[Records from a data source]
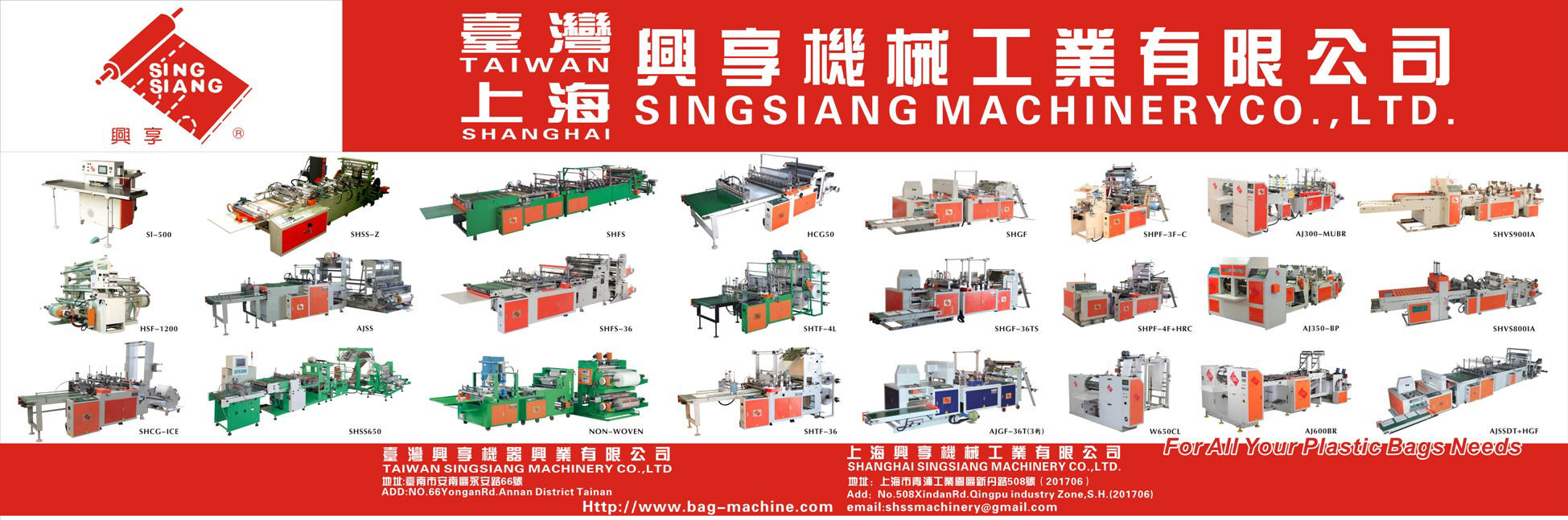 Taiwan Sing Siang Machinery, specialized in manufacturing of all kind plastic bag making machinery.
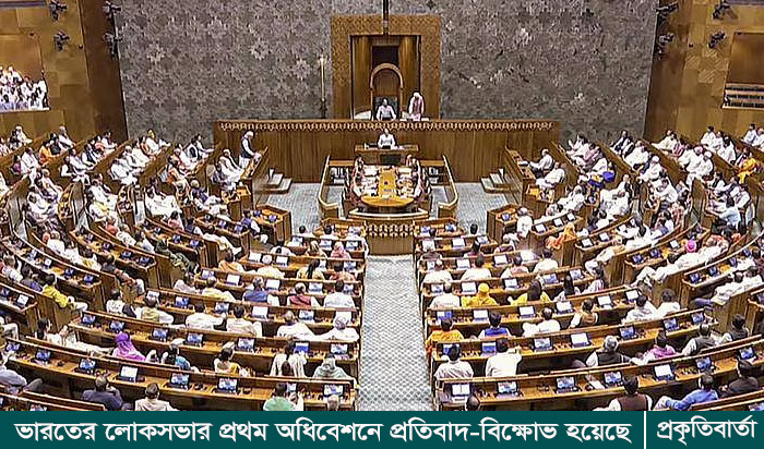 ভারতের লোকসভার প্রথম অধিবেশনে প্রতিবাদ-বিক্ষোভ হয়েছে
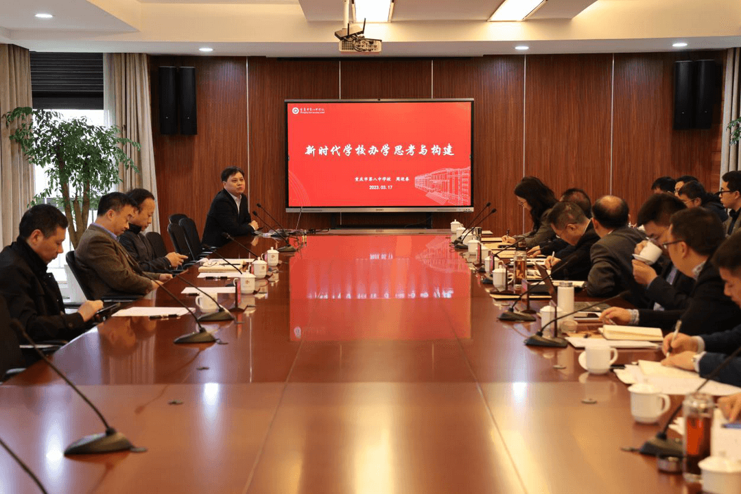 在上午的“成都石室中学 重庆八中新课程新教材新高考交流研讨会”上,我校校长周迎春对石室中学李贤中书记一行的到来表示了诚挚欢迎,他表示,重庆八中和石室中学渊源深厚,此次到访不仅是对“三新”工作的考察交流,更是友好学校之间对于教育教学工作的相互探讨,相互促进,是学校乃至成渝双城区域之间的教育情感情怀的联系,希望能借此机会把两校的教育工作发展推进到新的高点。
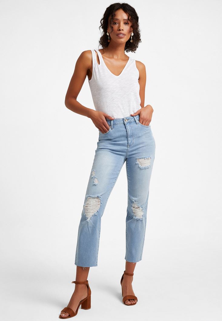 Yüksek Bel Pantolon modeli, pamuk içerikli mükemmel dokusu ve rahat kalıbı ile yeni sezonda sizlerle buluşuyor. Boru paça pantolon modeli, yüksek bel konforuyla ve kesik paça detayıyla Oxxo'da karşınıza çıkıyor. Yüksek bel pantolon modelinin diz kısmındaki yırtıklar ve dokusundaki yıkamalı görünüm fazlasıyla dikkat çekiyor. Salaş gömleklerle ve kazaklarla severek kullanabileceğiniz boru paça pantolon modelini, günlük kombinlerinize ekleyebilirsiniz. Yüksek bel pantolon modeli ile topuklu ayakkabılar veya yüksek tabanlı sneakerlar tercih ederek bacak boyunuzu uzun gösterebilirsiniz. Oxxo'nun her sezon dikkat çeken detaylarla ve benzersiz dokularla sizlere sunduğu boru paça pantolon modelleri ile tarzınızı ön plana çıkarabilirsiniz.
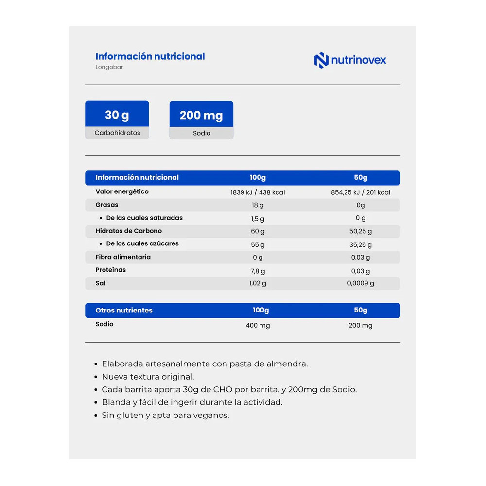 In summary, the Nutrivonex Longobar is not just an energy bar; it is an ally designed with the needs of athletes in mind who want to maximize their performance and recover optimally. Its combination of ingredients provides a practical and efficient solution, helping athletes maintain the energy and hydration necessary to achieve their most ambitious goals. Considering its versatility and formulation tailored to the demands of endurance sports, this bar positions itself as a preferred option among those looking to push their limits to the next level.
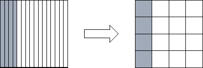 Figure 4.13: Reorganizing from a one-dimensional to a one-dimensional decomposition of a square matrix when P=16. Shading indicates one set of four tasks that must exchange data during the reorganization.
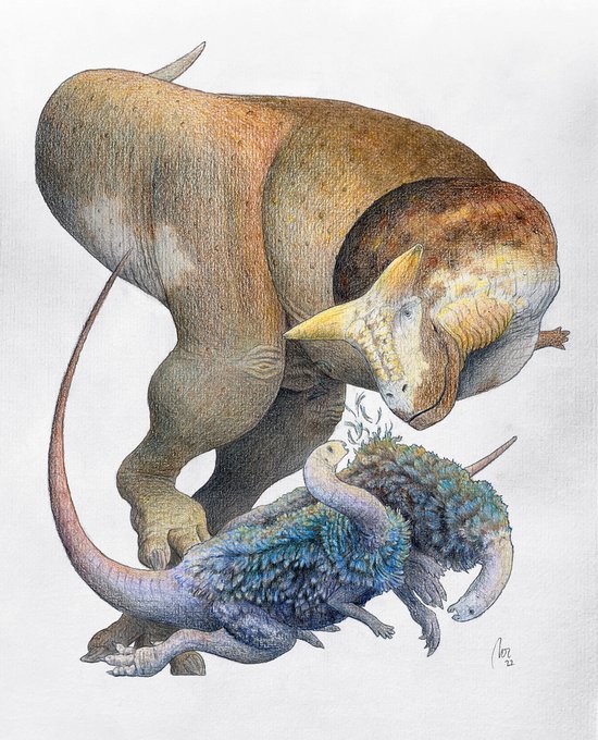 Two male #Carnotaurus courting each other. Homosexual behaviour is common in extant dinosaurs and why wouldn’t it have been in extinct ones too? #PrideMonth #PrehistoricPlanet twitter.com/nhm_london/sta…
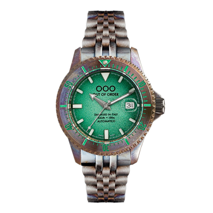 CASE: Stainless Steel solid 316L with "OOO ® exclusive aging process" with uni-directional shock-resistant Stainless Steel solid 316L topring with Superluminova ® engraved numbers;

◆ Instructions for the task: Omit every picture, and otherwise quote the entries exactly.

◆ Task answer:
 Taiwan Sing Siang Machinery, specialized in manufacturing of all kind plastic bag making machinery.
 ভারতের লোকসভার প্রথম অধিবেশনে প্রতিবাদ-বিক্ষোভ হয়েছে
 在上午的“成都石室中学 重庆八中新课程新教材新高考交流研讨会”上,我校校长周迎春对石室中学李贤中书记一行的到来表示了诚挚欢迎,他表示,重庆八中和石室中学渊源深厚,此次到访不仅是对“三新”工作的考察交流,更是友好学校之间对于教育教学工作的相互探讨,相互促进,是学校乃至成渝双城区域之间的教育情感情怀的联系,希望能借此机会把两校的教育工作发展推进到新的高点。
 Yüksek Bel Pantolon modeli, pamuk içerikli mükemmel dokusu ve rahat kalıbı ile yeni sezonda sizlerle buluşuyor. Boru paça pantolon modeli, yüksek bel konforuyla ve kesik paça detayıyla Oxxo'da karşınıza çıkıyor. Yüksek bel pantolon modelinin diz kısmındaki yırtıklar ve dokusundaki yıkamalı görünüm fazlasıyla dikkat çekiyor. Salaş gömleklerle ve kazaklarla severek kullanabileceğiniz boru paça pantolon modelini, günlük kombinlerinize ekleyebilirsiniz. Yüksek bel pantolon modeli ile topuklu ayakkabılar veya yüksek tabanlı sneakerlar tercih ederek bacak boyunuzu uzun gösterebilirsiniz. Oxxo'nun her sezon dikkat çeken detaylarla ve benzersiz dokularla sizlere sunduğu boru paça pantolon modelleri ile tarzınızı ön plana çıkarabilirsiniz.
 In summary, the Nutrivonex Longobar is not just an energy bar; it is an ally designed with the needs of athletes in mind who want to maximize their performance and recover optimally. Its combination of ingredients provides a practical and efficient solution, helping athletes maintain the energy and hydration necessary to achieve their most ambitious goals. Considering its versatility and formulation tailored to the demands of endurance sports, this bar positions itself as a preferred option among those looking to push their limits to the next level.
 Figure 4.13: Reorganizing from a one-dimensional to a one-dimensional decomposition of a square matrix when P=16. Shading indicates one set of four tasks that must exchange data during the reorganization.
 Two male #Carnotaurus courting each other. Homosexual behaviour is common in extant dinosaurs and why wouldn’t it have been in extinct ones too? #PrideMonth #PrehistoricPlanet twitter.com/nhm_london/sta…
 CASE: Stainless Steel solid 316L with "OOO ® exclusive aging process" with uni-directional shock-resistant Stainless Steel solid 316L topring with Superluminova ® engraved numbers;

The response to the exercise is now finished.